Date: Dec 31, 2010 10:02 AM Author: Craig Feinstein Subject: Re: Indefinite integral puzzle On Dec 31, 3:53 am, William Elliot <ma...@rdrop.remove.com> wrote:

> On Thu, 30 Dec 2010, Craig Feinstein wrote:

> > On Dec 30, 10:32 am, Pfss...@aol.com wrote:

> >> On Wed, 29 Dec 2010 10:35:22 -0800 (PST), Craig Feinstein

> >>> Let I(f(x))dx be the indefinite integral of a function f(x). Then what

> >>> is:

> >>> I(I(I(I(...)dx)dx)dx)dx ?

>

> >> well, first of all, what does this mean???

> >> Give a precise definition!!!

>

> > I(I(I(I(...)dx)dx)dx)dx means that we want the (indefinite) integral

> > of the integral of the integral of the integral ..... ad infinitum.

>

> That's not a precise definition. It's not even a definition.

> It's the same intuitive description of your notion, as was

> depicted with your notation.

>

> Let f(x) = 0. Then integral 0 dx = c1

> integral^2 0 dx^2 = c1.x + c2

> ...

> integral^j 0 dx^j is any polynomial in R[x] of degree at most j.

>

> Thus in the limit one may opine that

> integral^oo 0 dx^j is any polynomial p in R[[x]], ie

> all formal infinite series of the form sum(j=0,oo) aj.x^j.

>

> See my other post where I indicate how the concept

> is ludicrous by sketching out how

> integral^oo f(x) dx^oo = integral^oo g(x) dx^oo

> for all f,g with Taylor series.

>

> You can't even define an operator I:R^R -> R^R

> and take the limit lim(n->oo) I^n(f) which you

> could do if I(f) = integral(0,x) f(x) dx.

>

> You have to define the operator I:P(R^R) -> P(R^R)

> and then create a topology for P(R^R) so that

> lim(n->oo) I^n({f}) is definable.

>

> Though there are several topologies for R^R,

> which you may want to review and pick on the

> most likely to use, there are none for P(R^R)

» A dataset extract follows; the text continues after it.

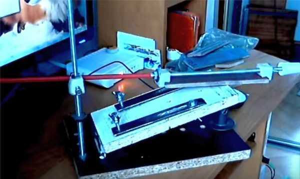 В данном варианте, как в ручной заточке, брусок неподвижный, а движется лезвие ножа, закрепленного на подвижной тележке. Угол задается высотой расположения бруска относительно площадки, на которой крепится лезвие. Особенность данного устройства — нужно чтобы стол был ровным. Это может быть столешница из натурального камня, можно на обычный стол положить стекло.

> that I know, which are in use.

>

> In other words, you've got a heap of work to do

> to give a precise definition of integral^oo f(x) dx^oo

> for indefinite integration. In addition, my intuitive

> exploration given in my other post, indicates that the

> result of integral^oo f(x) dx^oo, for a wide range of

> functions, lacks significance.

>

> For example

> integral^oo 0 dx^oo = R[[x]]

> is every function with a Taylor series and a lot

> of other infinite series in powers of x that have

> a variety of convergent and divergent properties.

>

> That's because you've a infinite number of constants of

> integration. Happily, it's merely a countable infinite.

>

> My claim is

> integral^oo f(x) dx^oo = R[[x]]

> for all f with a Taylor series.

>

> By default, the functions are taken to have domain R.

> R[[x]] however, does include partial functions, ie

> functions with domains other than R.

You don't need a precise definition to find the answer:

Clue: Let f(x) = I(I(I(I(...)dx)dx)dx)dx. Then f(x)= I(f(x))dx.

Craig